By the early 18th century, during Ottoman rule (1516–1917), Jiddin was administratively part of the nahiye (subdistrict) of Sahil Akka (plain of Acre), part of Sidon Eyalet (Sidon province). The fortress became the headquarters of a local family whose sheikhs farmed the tax revenues of the subdistrict. (Note: According to historian Ahmad Hasan Joudah, Jiddin had been in the possession of Ahmad al-Husayn's "forefathers" for "many years" before it was conquered by Daher al-Umar in 1738.) In the first decade of the 18th century, the multazim (tax farmer) of Sahil Akka was Sheikh Najm. At that time, c. 1703–1704, Najm contracted with the Dutch merchant Paul Maashook to exclusively sell him all the cotton crop of his villages (Kafr Yasif, Abu Sinan, Julis, Makr, Amqa, and Tarshiha) in return for Maashook's payment of Najm's tax obligations to the governor of Sidon. Najm's cousin Husayn ibn Khaliq is later mentioned as the multazim of Sahil Akka.

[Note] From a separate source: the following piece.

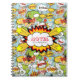 Comic Book notebook with sayings like Boom! Pow! and Poof! Cannon balls and thought clouds in colours of red, yellow, green on a light blue background. You can write whatever you like. The word "Notes" is editable and you can add your name. If you click on the "customise further" link/button you can change the font and font colours.
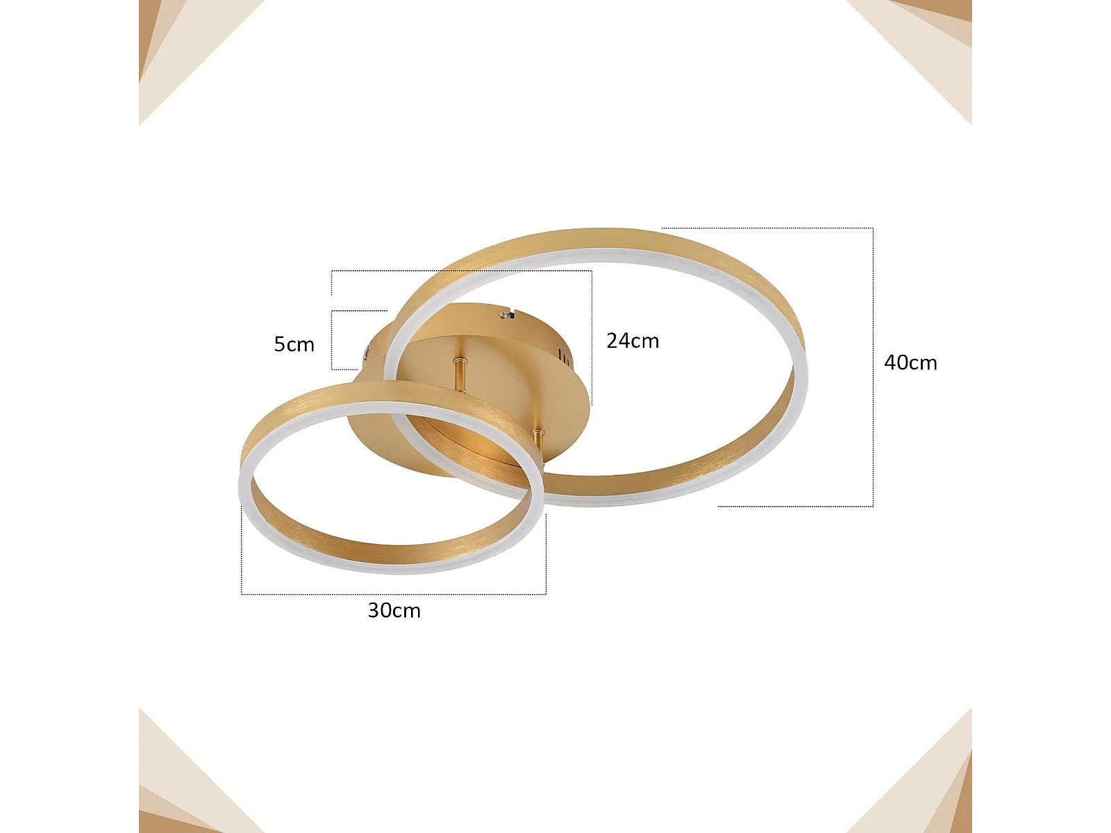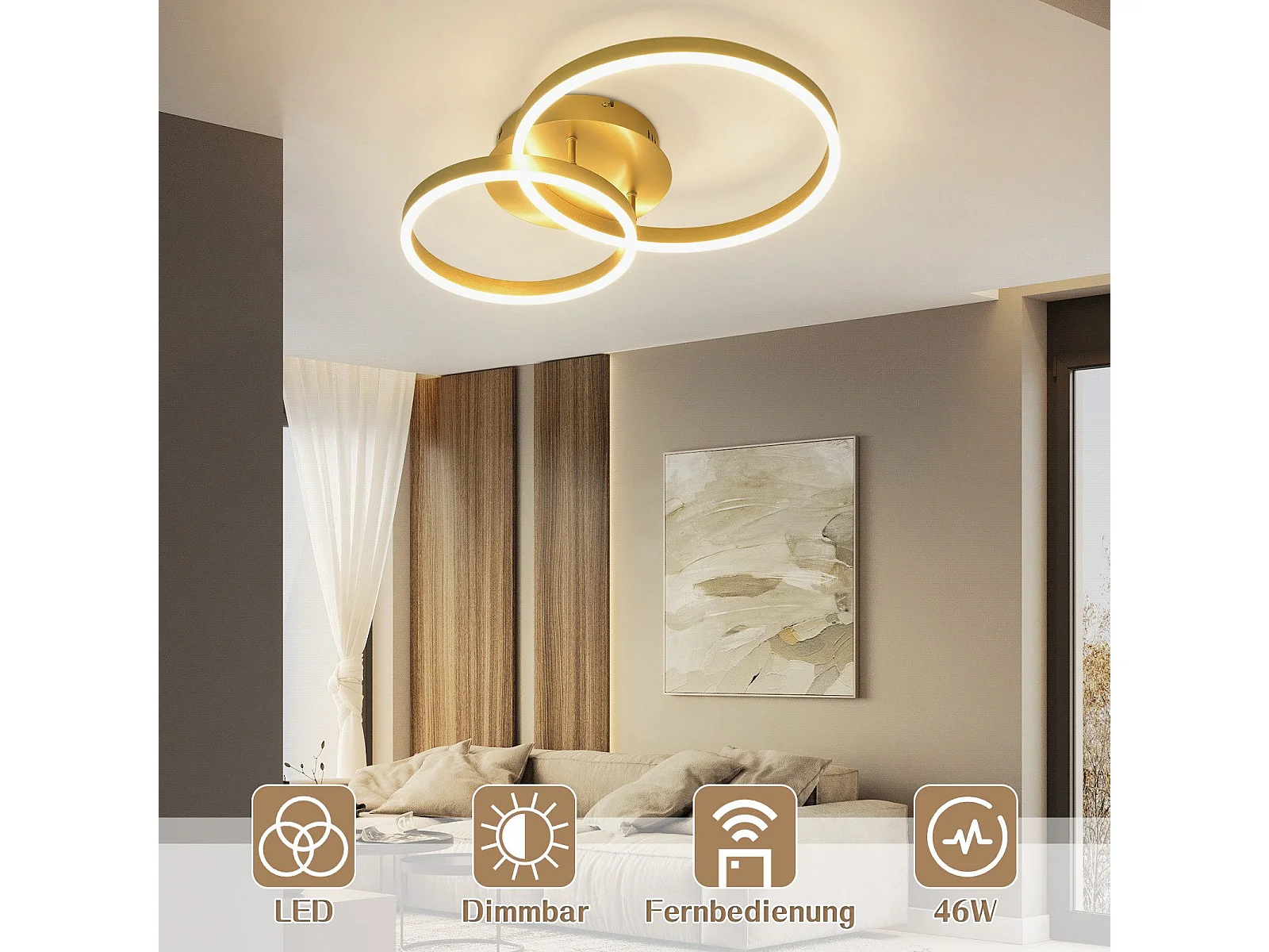 Plafonnier LED NETTLIFE doré à 2 anneaux en acrylique, 46 W, intensité variable, pour salon, moderne, 59 cm, avec télécommande

Like other local chiefs, Husayn and Ahmad al-Husayn (assumably his son) drew military support from the populace and entrenched their rule by constructing a fortress, which invariably became the effective center of their nahiye. The Husayns' fortress headquarters was Jiddin. At least part of Jiddin's Ottoman-era building phases can be attributed to the Husayn family. Another local family of the Galilee, the Zayadina, began to expand their holdings across the region in the 1730s under the leadership of Sheikh Daher al-Umar. In 1738, Daher mobilized his peasant fighters and Bedouin allies from the Banu Saqr, some 1,500 men, and defeated Ahmad at Jiddin and conquered the fortress and its dependencies, including Abu Sinan and Tarshiha. Daher did not dislodge the Husayns, keeping them as vassals over Sahil Akka. Like with other local multazims kept in place by Daher through the 1740s–1760s, he underwrote the tax farms of the Husayns. A firman from June 1738 named Husayn ibn Khaliq as the controller of the Jiddin fortress and an ally of Daher; the firman directed the governor of Damascus to move against the local multazims and raze their fortresses, though the order was not executed.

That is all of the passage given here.